▶ _Task prompt_:
Exact reproduction is required for the lines below starting at the line with "The dessert was" and ending at the line with "TPR estremamente morbido", both included. No other lines, and no pictures.

▶ _Data listing_:
────────────────────────────────────────
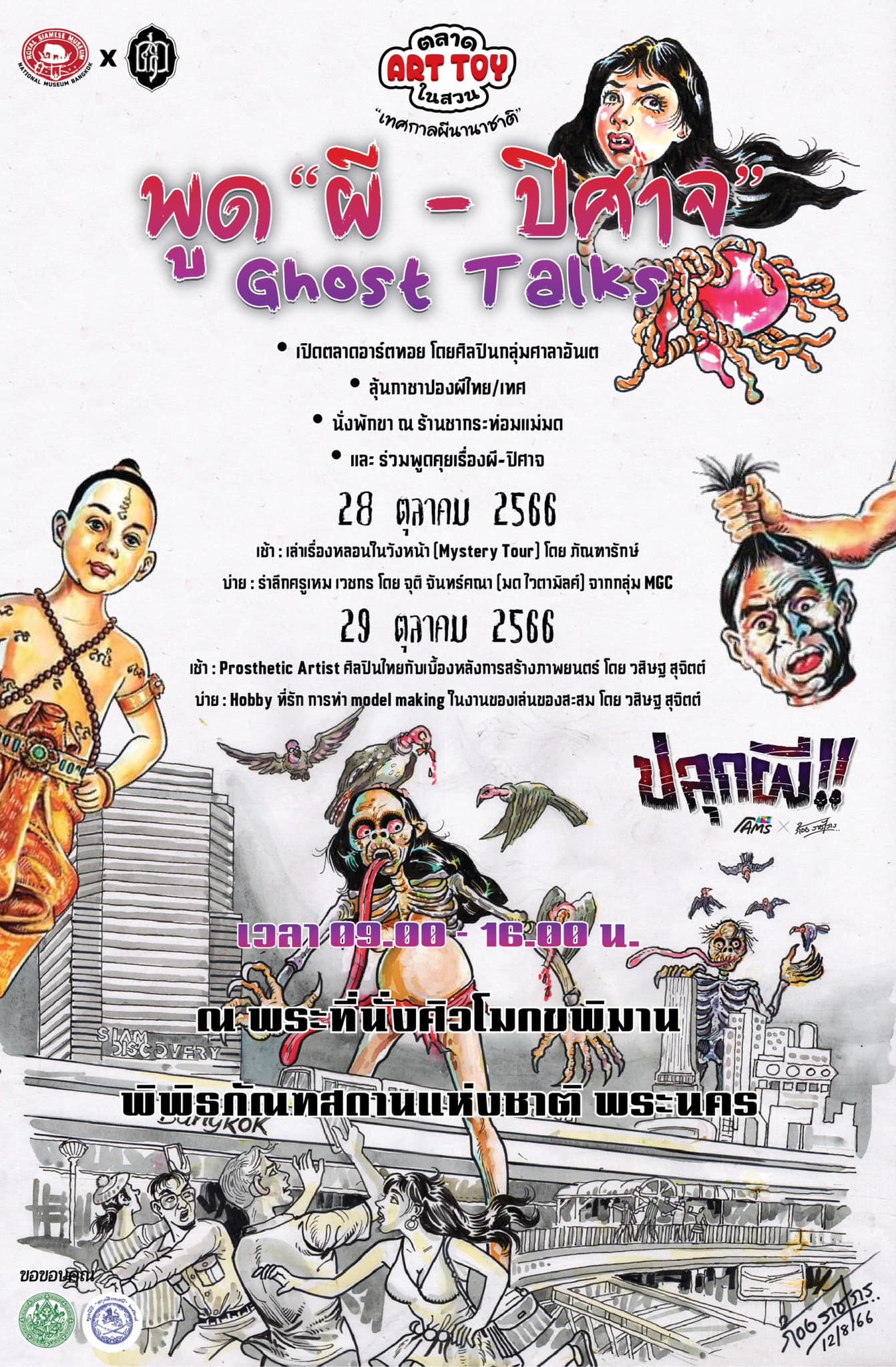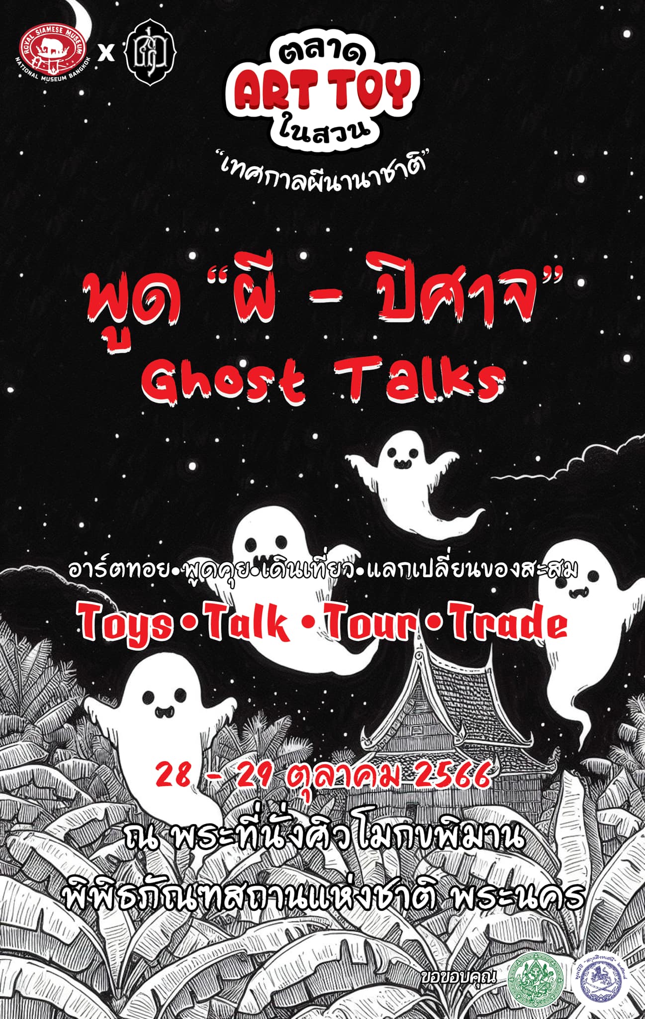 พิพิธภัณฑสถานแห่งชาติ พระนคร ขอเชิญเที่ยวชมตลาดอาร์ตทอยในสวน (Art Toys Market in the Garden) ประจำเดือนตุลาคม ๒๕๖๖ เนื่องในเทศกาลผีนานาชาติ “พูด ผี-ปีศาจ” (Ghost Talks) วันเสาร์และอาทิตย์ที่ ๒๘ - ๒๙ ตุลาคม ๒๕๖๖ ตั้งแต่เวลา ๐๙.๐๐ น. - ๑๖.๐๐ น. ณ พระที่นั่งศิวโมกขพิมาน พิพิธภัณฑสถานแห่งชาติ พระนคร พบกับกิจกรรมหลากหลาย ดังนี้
────────────────────────────────────────
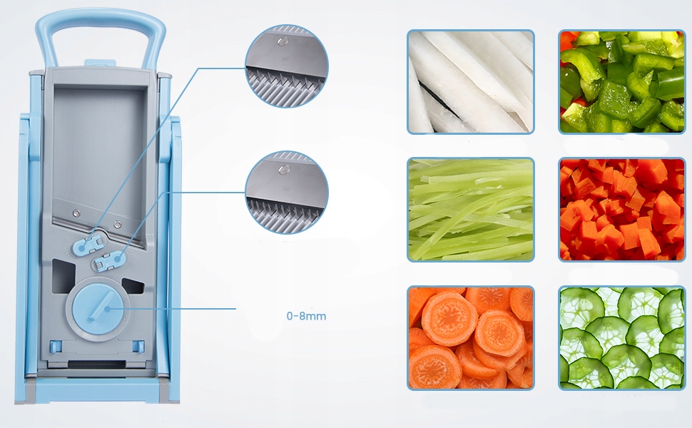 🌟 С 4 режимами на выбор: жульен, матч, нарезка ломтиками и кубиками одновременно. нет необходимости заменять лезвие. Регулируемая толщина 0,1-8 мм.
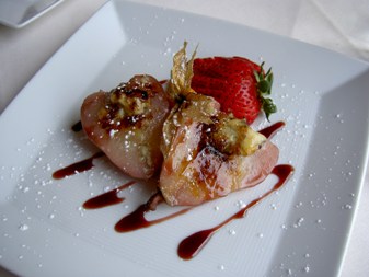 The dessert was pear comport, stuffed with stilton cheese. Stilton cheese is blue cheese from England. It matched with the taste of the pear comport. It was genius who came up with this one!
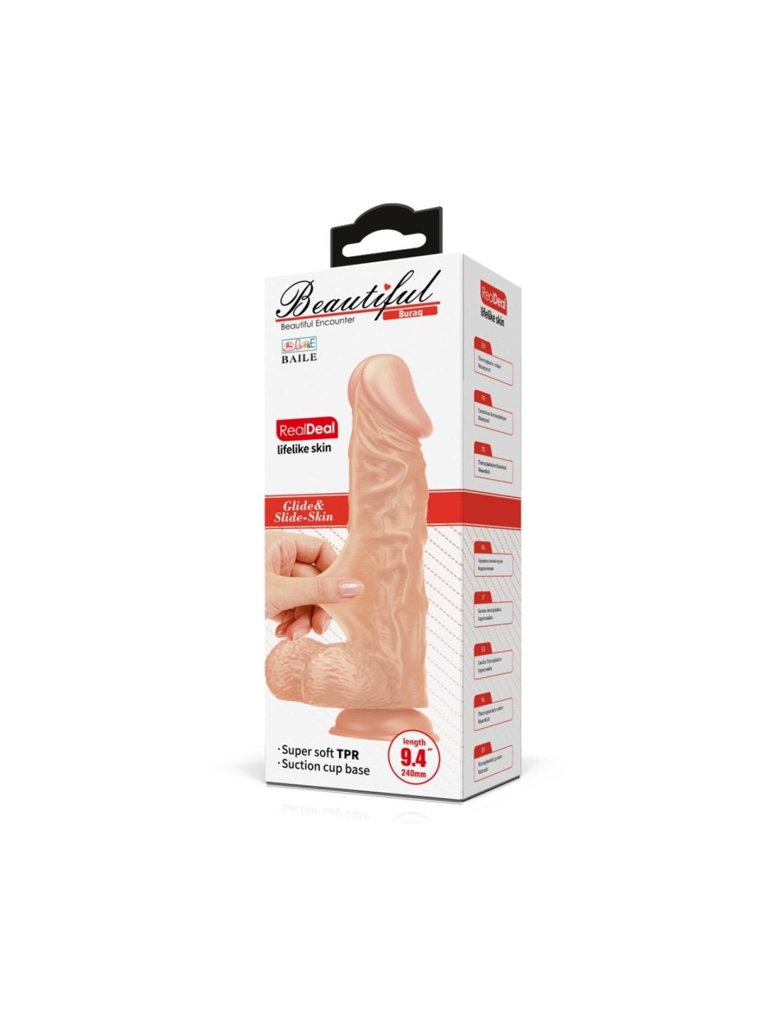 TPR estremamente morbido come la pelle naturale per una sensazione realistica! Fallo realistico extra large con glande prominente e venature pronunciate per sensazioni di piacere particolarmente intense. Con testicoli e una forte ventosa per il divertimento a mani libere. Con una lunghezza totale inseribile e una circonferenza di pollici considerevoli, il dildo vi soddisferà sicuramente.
────────────────────────────────────────
▶ _Response_:
 The dessert was pear comport, stuffed with stilton cheese. Stilton cheese is blue cheese from England. It matched with the taste of the pear comport. It was genius who came up with this one!
 TPR estremamente morbido come la pelle naturale per una sensazione realistica! Fallo realistico extra large con glande prominente e venature pronunciate per sensazioni di piacere particolarmente intense. Con testicoli e una forte ventosa per il divertimento a mani libere. Con una lunghezza totale inseribile e una circonferenza di pollici considerevoli, il dildo vi soddisferà sicuramente.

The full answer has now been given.